GAE: What is the difference between <min-pending-latency> and <max-pending-latency>?
As far as I can read the docs, both settings do the same thing: start a new instance when the request has been in the waiting queue longer than this parameter says.
<max-pending-latency>
maximum time that App Engine must allow a request to wait in a pending queue before starting a new instance to process it. Default: 30 ms.
- A low maximum means that App Engine will start new instances earlier for pending requests, increasing performance but increasing operating costs.
- A high maximum means that users can wait longer while their requests are serviced, if there are pending requests and there are no downtime instances to service them, but your application will cost less.
<min-pending-latency>
The minimum amount of time that App Engine must allow a request to wait in a pending queue before starting a new instance to process it.
- A low minimum means that requests should spend less time in the waiting queue when all existing instances are active. This improves performance, but increases the cost of launching your application.
- A high minimum means that requests will remain longer if all existing instances are active. This reduces operating costs, but increases the time that users must wait while their requests are served.
Source: https://cloud.google.com/appengine/docs/java/config/appref
What is the difference between min and max then?
The information that you might not understand to understand these parameters is that App Engine can instantiate at any time between the minimum delay and the max-waiting delay.

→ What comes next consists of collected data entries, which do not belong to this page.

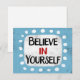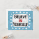 "Believe In Yourself" is a cute inspirational or motivational quote with a white accent shape surrounded by white textured whimsical dots.
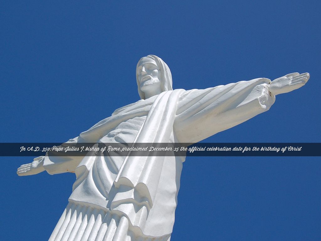 In A.D. 350, Pope Julius I, bishop of Rome, proclaimed December 25 the official celebration date for the birthday of Christ
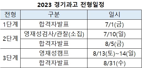 경기과고의 2023학년 모집인원은 정원내 일반 120명, 정원외 추천관찰 12명 이내다. 일반전형 모집인원에는 지역인재 선발 47명이 포함됐다. 모두 전년과 모집인원이 동일하다. 지역인재선발은 경기도 산하 31개 기초자치단체와 경기도 이외 16개 광역자치단체에서 1명씩 모두 47명을 선발한다. 선발 대상은 2단계 전형결과 순위가 정원의 2배수 이내이면서 각 지역별 1위인 지원자로, 모든 전형단계를 일반전형과 동일하게 진행한다.
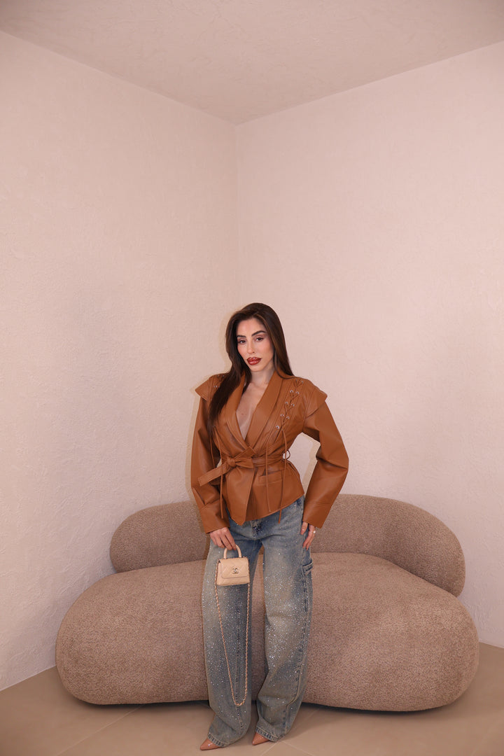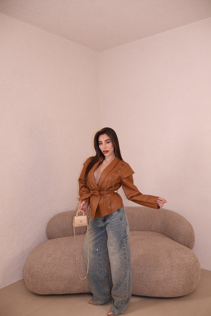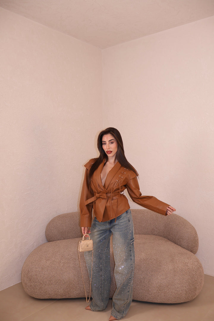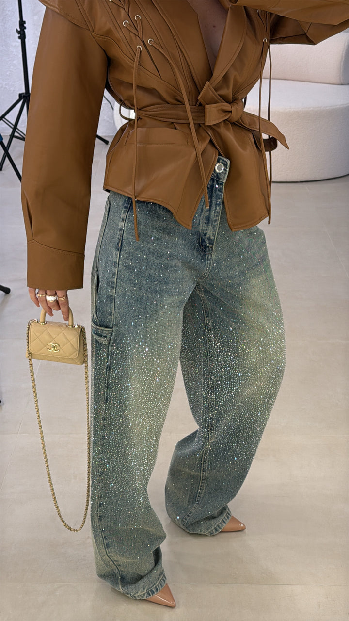 Jeans modello baggy con dettagli strass. La modella indossa taglia 36.
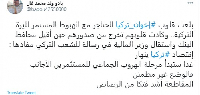ألمح الكاتب الصحفي الموريتاني بادو ولد محمد فال، اليوم، إلى اقتراب انهيار الاقتصاد التركي، مؤكدًا أن الفترة المقبلة ستشهد هروب للمستثمرين الأجانب من تركيا بعد استقالة صهر أردوغان بيرات البيرق من منصبه.
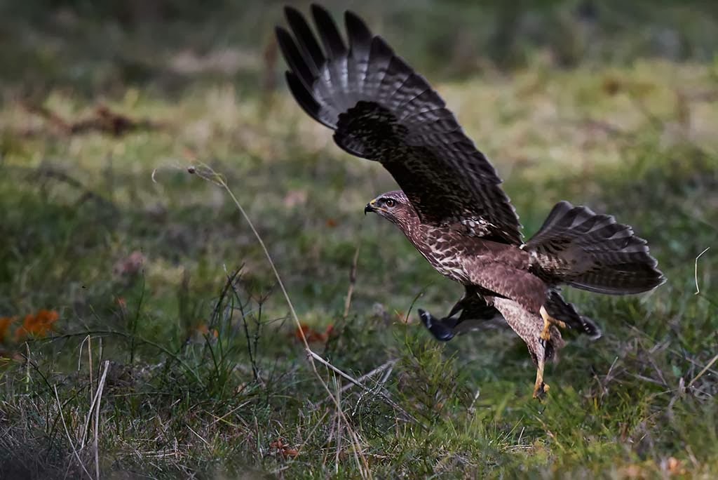 Här har den just upptäckt mig. Vingarna fälls ut, den tar med benen sats mot marken. Frustrationen lyser ur rovfågelsögat.

This means that the instance will never be created to serve the pending request until the minimum delay and will always be created after the maximum latency has been reached.
I believe the best way to understand is to look at the timeline of events when the request enters the pending queue:
- The request arrives at the application, but there is no instance to service it, so it is placed in the queue of pending requests.
- Before reaching the minimum delay : App Engine tries to find an available instance to serve the request, rather than creating a new instance.
- The minimum latency has been reached, and until the maximum expected latency is reached : App Engine is trying to find an available instance to query the request, but may create a new instance.
- The maximum expected timeout has been reached : App Engine stops searching for an available instance to serve the request and creates a new instance.